■ PROBLEM DESCRIPTION ■
Only one span is wanted from the lines below: from the one with "Alunos da E." up to and including the one with "Måleprobe 2 akser". Copy it exactly, without images.

···

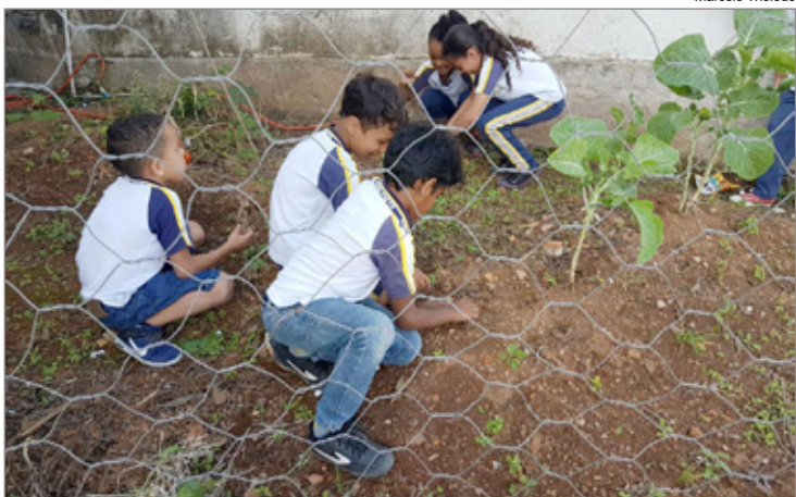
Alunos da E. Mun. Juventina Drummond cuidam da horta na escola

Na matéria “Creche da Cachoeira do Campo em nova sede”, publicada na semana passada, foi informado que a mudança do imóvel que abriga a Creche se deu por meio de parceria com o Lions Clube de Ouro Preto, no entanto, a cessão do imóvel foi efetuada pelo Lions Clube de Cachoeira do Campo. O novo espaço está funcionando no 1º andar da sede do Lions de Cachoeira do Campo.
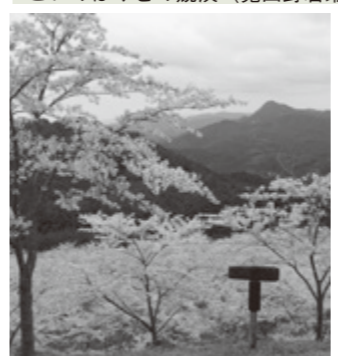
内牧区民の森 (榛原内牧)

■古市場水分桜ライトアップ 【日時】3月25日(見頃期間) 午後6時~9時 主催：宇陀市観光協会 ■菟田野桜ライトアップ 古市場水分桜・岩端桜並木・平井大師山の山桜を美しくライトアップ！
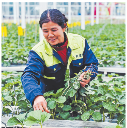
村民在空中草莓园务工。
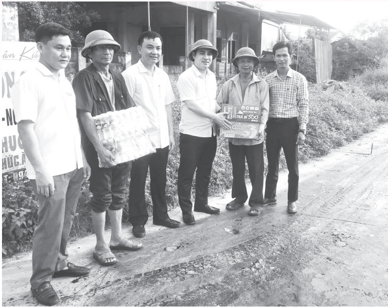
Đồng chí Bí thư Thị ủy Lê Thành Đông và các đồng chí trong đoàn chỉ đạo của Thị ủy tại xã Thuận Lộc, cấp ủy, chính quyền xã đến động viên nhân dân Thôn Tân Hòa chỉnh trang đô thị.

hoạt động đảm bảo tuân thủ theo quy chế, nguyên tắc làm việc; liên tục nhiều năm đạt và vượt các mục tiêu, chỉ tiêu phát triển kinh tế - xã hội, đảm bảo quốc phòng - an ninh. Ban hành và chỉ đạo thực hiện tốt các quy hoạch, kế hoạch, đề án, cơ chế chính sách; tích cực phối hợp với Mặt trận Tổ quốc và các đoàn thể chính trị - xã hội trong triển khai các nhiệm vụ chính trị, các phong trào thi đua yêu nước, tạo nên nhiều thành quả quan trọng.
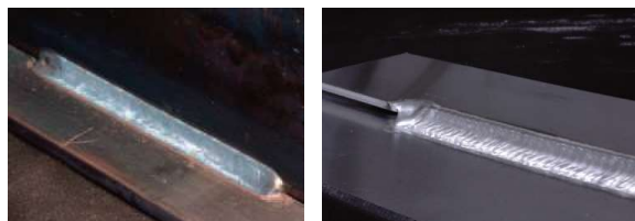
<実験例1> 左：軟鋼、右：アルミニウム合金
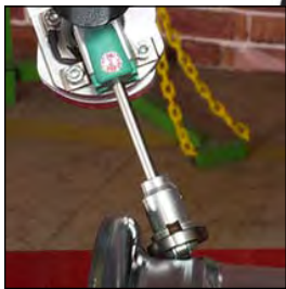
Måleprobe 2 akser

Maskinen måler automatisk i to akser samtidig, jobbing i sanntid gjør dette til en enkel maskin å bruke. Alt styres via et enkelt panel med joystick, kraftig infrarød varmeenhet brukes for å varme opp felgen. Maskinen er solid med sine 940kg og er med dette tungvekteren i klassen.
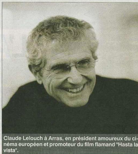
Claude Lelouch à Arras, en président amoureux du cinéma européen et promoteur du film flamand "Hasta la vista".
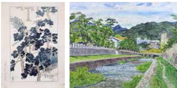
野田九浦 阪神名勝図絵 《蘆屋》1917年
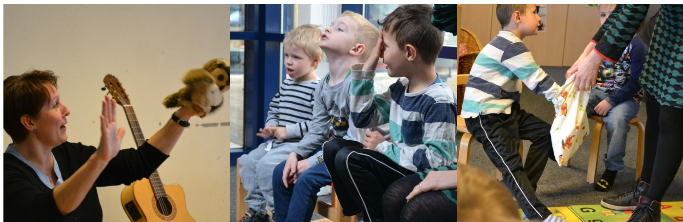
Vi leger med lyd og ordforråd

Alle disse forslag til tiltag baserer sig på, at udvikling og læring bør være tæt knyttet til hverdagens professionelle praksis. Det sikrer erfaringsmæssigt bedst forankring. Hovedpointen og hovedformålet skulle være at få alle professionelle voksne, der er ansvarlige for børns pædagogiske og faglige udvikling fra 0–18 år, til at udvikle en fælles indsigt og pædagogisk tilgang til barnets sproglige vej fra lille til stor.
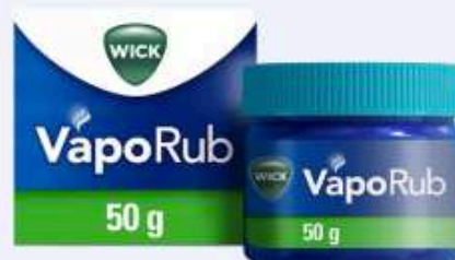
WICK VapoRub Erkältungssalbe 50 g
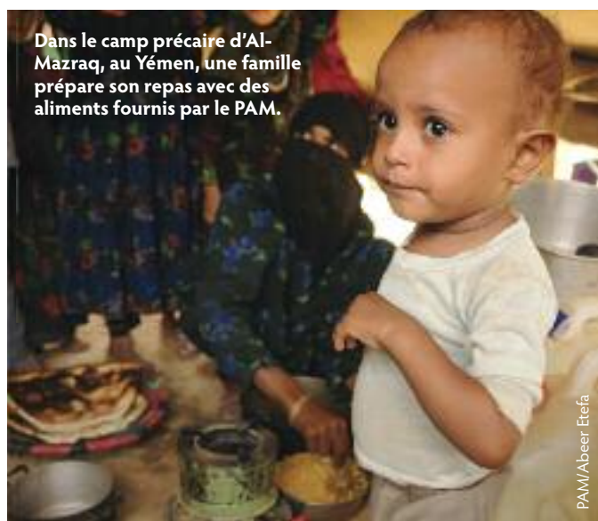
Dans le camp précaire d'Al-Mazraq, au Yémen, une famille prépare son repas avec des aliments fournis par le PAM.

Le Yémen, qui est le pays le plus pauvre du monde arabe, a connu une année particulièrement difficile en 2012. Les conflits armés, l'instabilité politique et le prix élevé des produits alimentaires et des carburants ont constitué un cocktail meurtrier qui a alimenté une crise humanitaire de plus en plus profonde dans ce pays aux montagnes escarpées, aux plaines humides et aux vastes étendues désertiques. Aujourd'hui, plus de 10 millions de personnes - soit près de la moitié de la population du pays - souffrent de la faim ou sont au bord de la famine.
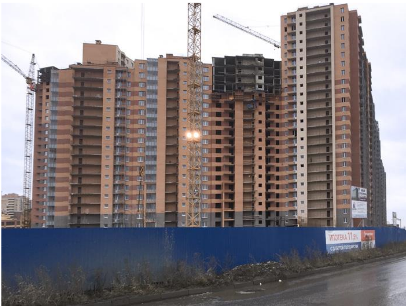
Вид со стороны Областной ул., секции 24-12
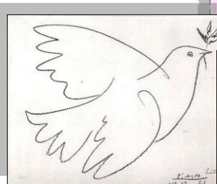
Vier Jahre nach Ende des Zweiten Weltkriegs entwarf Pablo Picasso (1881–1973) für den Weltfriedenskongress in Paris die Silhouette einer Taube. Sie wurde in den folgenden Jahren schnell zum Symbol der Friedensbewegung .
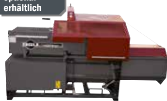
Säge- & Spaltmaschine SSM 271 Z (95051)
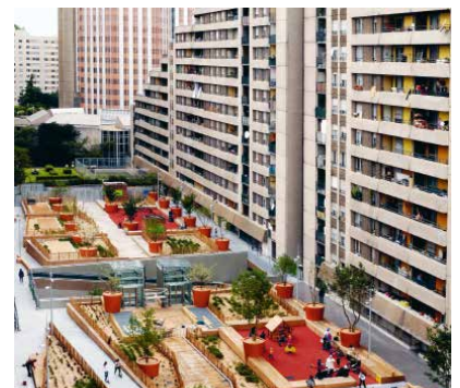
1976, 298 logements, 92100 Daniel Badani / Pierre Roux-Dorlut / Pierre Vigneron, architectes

···

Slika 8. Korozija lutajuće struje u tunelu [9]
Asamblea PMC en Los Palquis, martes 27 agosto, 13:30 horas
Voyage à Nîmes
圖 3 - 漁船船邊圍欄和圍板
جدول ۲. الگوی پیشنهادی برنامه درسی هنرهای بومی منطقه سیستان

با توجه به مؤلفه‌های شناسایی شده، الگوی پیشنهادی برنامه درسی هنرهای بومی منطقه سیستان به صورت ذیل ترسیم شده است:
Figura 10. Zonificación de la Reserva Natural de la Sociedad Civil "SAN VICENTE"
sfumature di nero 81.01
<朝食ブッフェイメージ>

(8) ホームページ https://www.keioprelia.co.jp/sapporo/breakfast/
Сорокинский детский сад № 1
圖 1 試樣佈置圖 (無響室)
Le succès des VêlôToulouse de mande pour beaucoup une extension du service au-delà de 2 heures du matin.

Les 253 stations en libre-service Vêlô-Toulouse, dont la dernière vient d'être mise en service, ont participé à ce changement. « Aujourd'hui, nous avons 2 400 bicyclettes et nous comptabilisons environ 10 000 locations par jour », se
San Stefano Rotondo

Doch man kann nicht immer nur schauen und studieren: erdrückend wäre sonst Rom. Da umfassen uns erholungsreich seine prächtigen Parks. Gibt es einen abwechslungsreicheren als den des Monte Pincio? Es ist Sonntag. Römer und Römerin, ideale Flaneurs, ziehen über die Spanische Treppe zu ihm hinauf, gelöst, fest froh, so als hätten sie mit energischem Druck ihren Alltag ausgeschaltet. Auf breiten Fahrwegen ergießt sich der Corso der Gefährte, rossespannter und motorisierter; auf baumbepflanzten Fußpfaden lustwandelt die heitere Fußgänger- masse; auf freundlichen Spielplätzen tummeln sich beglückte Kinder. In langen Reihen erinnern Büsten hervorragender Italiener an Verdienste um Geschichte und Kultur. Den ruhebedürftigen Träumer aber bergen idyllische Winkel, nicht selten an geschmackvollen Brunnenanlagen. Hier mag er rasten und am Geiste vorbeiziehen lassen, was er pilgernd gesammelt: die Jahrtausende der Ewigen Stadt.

···

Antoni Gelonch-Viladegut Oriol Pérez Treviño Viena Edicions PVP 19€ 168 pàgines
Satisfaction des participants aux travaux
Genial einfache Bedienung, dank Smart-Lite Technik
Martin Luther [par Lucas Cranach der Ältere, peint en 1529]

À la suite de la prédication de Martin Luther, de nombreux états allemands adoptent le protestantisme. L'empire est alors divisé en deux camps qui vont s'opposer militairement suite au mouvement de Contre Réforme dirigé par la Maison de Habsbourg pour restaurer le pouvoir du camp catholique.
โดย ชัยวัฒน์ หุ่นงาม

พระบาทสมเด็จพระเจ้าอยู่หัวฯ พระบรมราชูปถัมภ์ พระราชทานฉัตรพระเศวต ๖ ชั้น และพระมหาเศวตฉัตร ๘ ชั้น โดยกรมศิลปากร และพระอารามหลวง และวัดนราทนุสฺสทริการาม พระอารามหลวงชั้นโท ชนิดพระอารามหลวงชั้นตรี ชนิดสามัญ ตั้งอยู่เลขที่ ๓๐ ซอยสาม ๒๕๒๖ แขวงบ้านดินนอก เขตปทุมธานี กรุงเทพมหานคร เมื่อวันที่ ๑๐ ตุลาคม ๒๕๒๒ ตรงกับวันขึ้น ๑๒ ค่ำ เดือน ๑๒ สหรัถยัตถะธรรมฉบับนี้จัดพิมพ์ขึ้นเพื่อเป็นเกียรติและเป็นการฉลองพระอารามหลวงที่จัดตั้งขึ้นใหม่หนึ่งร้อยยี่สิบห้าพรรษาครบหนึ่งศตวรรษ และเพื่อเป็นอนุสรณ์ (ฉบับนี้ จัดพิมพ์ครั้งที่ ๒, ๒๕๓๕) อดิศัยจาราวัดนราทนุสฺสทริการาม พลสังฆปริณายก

···

■ SOLUTION FOR THIS TASK ■
Alunos da E. Mun. Juventina Drummond cuidam da horta na escola

Na matéria “Creche da Cachoeira do Campo em nova sede”, publicada na semana passada, foi informado que a mudança do imóvel que abriga a Creche se deu por meio de parceria com o Lions Clube de Ouro Preto, no entanto, a cessão do imóvel foi efetuada pelo Lions Clube de Cachoeira do Campo. O novo espaço está funcionando no 1º andar da sede do Lions de Cachoeira do Campo.
内牧区民の森 (榛原内牧)

■古市場水分桜ライトアップ 【日時】3月25日(見頃期間) 午後6時~9時 主催：宇陀市観光協会 ■菟田野桜ライトアップ 古市場水分桜・岩端桜並木・平井大師山の山桜を美しくライトアップ！
村民在空中草莓园务工。
Đồng chí Bí thư Thị ủy Lê Thành Đông và các đồng chí trong đoàn chỉ đạo của Thị ủy tại xã Thuận Lộc, cấp ủy, chính quyền xã đến động viên nhân dân Thôn Tân Hòa chỉnh trang đô thị.

hoạt động đảm bảo tuân thủ theo quy chế, nguyên tắc làm việc; liên tục nhiều năm đạt và vượt các mục tiêu, chỉ tiêu phát triển kinh tế - xã hội, đảm bảo quốc phòng - an ninh. Ban hành và chỉ đạo thực hiện tốt các quy hoạch, kế hoạch, đề án, cơ chế chính sách; tích cực phối hợp với Mặt trận Tổ quốc và các đoàn thể chính trị - xã hội trong triển khai các nhiệm vụ chính trị, các phong trào thi đua yêu nước, tạo nên nhiều thành quả quan trọng.
<実験例1> 左：軟鋼、右：アルミニウム合金
Måleprobe 2 akser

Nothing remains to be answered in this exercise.